===== DATASET EXTRACT =====

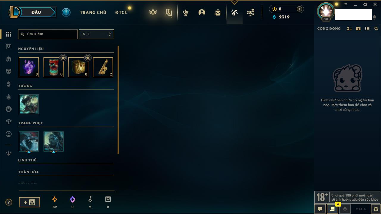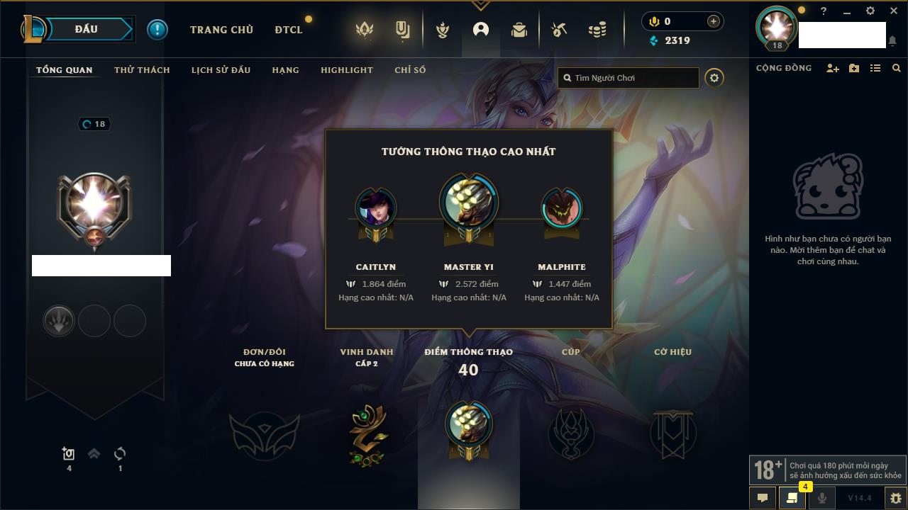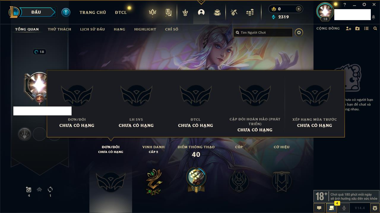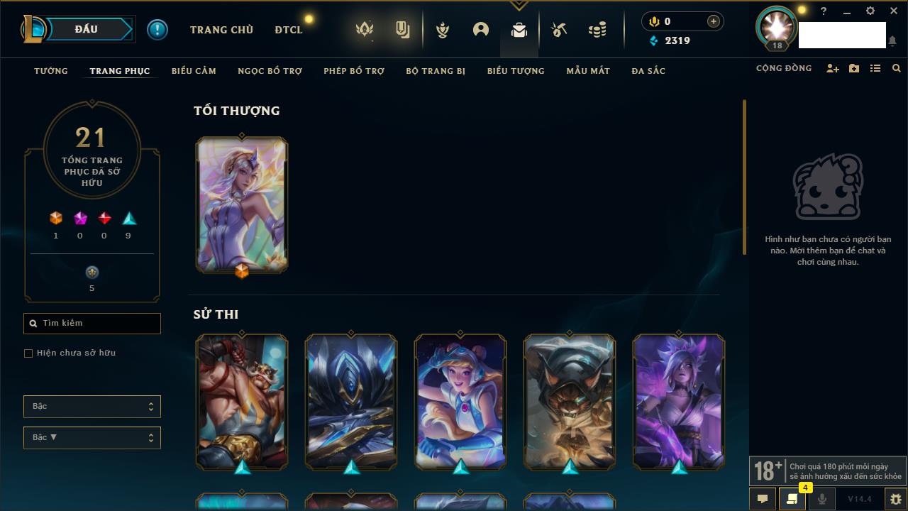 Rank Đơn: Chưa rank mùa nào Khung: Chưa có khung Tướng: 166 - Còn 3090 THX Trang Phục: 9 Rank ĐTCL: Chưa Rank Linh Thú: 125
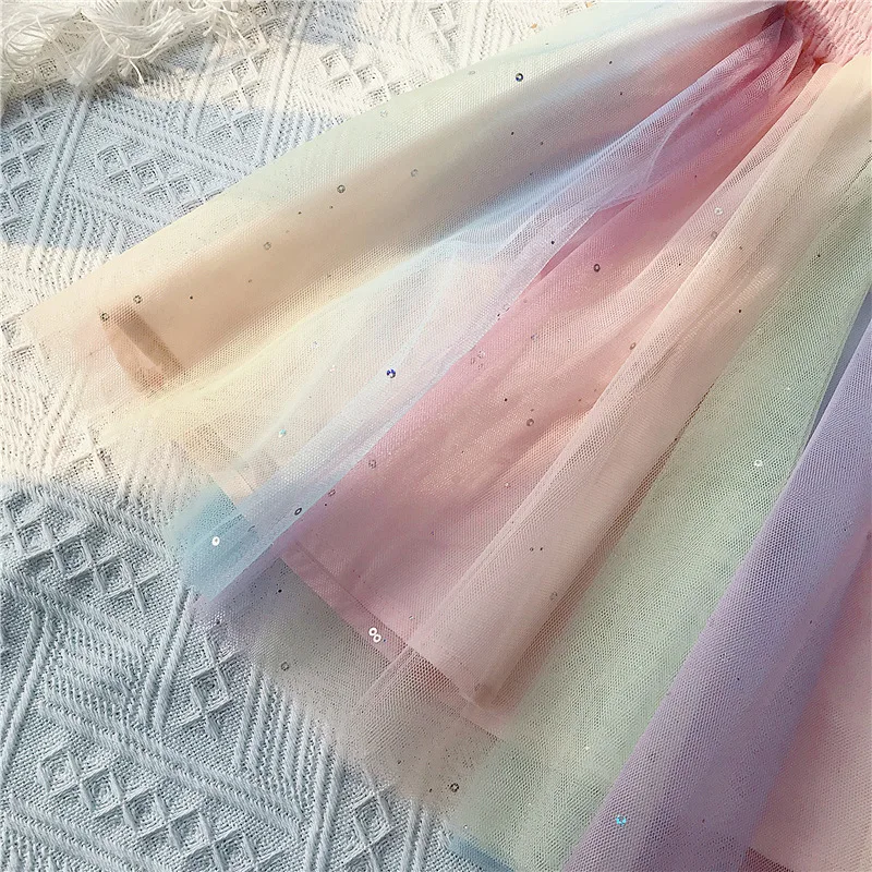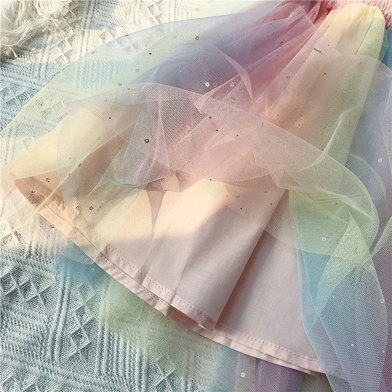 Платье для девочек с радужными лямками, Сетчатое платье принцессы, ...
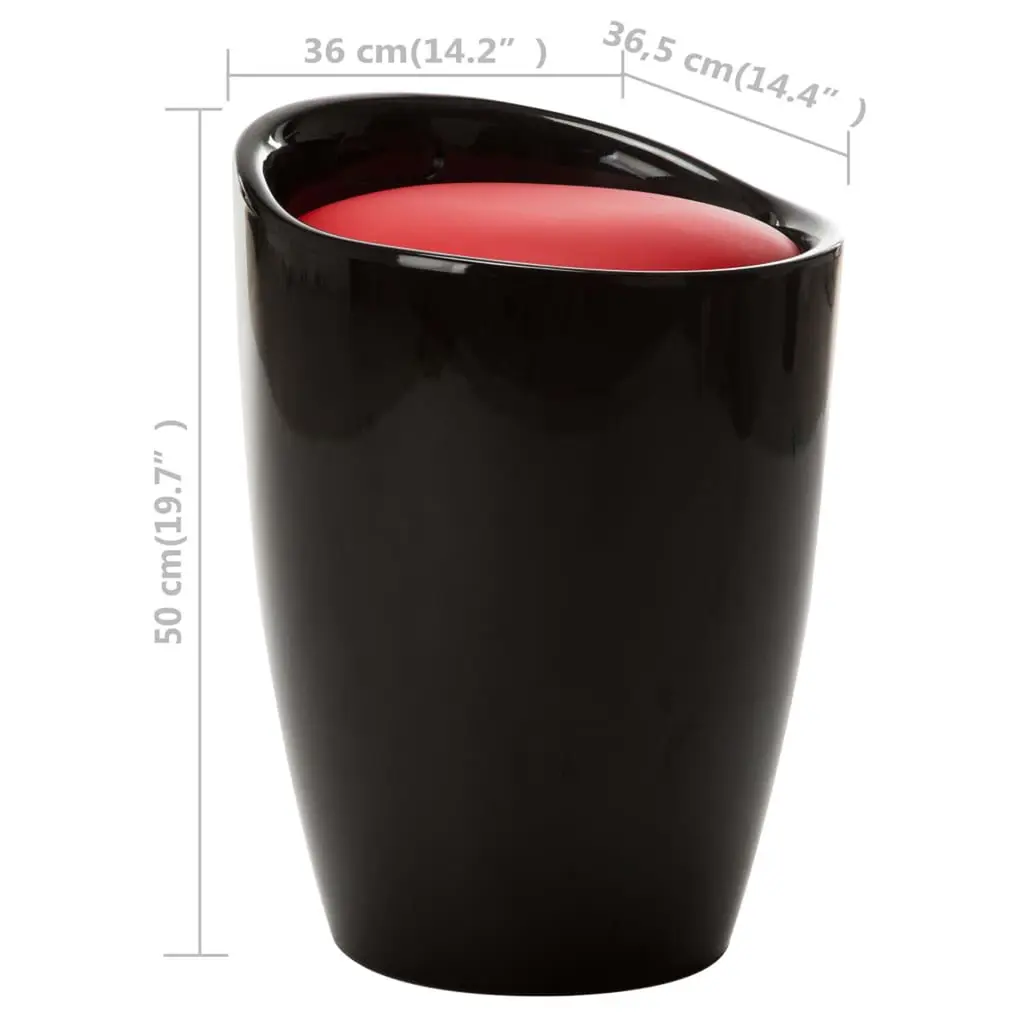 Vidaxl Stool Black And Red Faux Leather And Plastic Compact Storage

=====

=== ACTIVITY ===
In your copy of the material, every word must match and no image should appear.

=== ANSWER FOR THE TASK ===
 Rank Đơn: Chưa rank mùa nào Khung: Chưa có khung Tướng: 166 - Còn 3090 THX Trang Phục: 9 Rank ĐTCL: Chưa Rank Linh Thú: 125
 Платье для девочек с радужными лямками, Сетчатое платье принцессы, ...
 Vidaxl Stool Black And Red Faux Leather And Plastic Compact Storage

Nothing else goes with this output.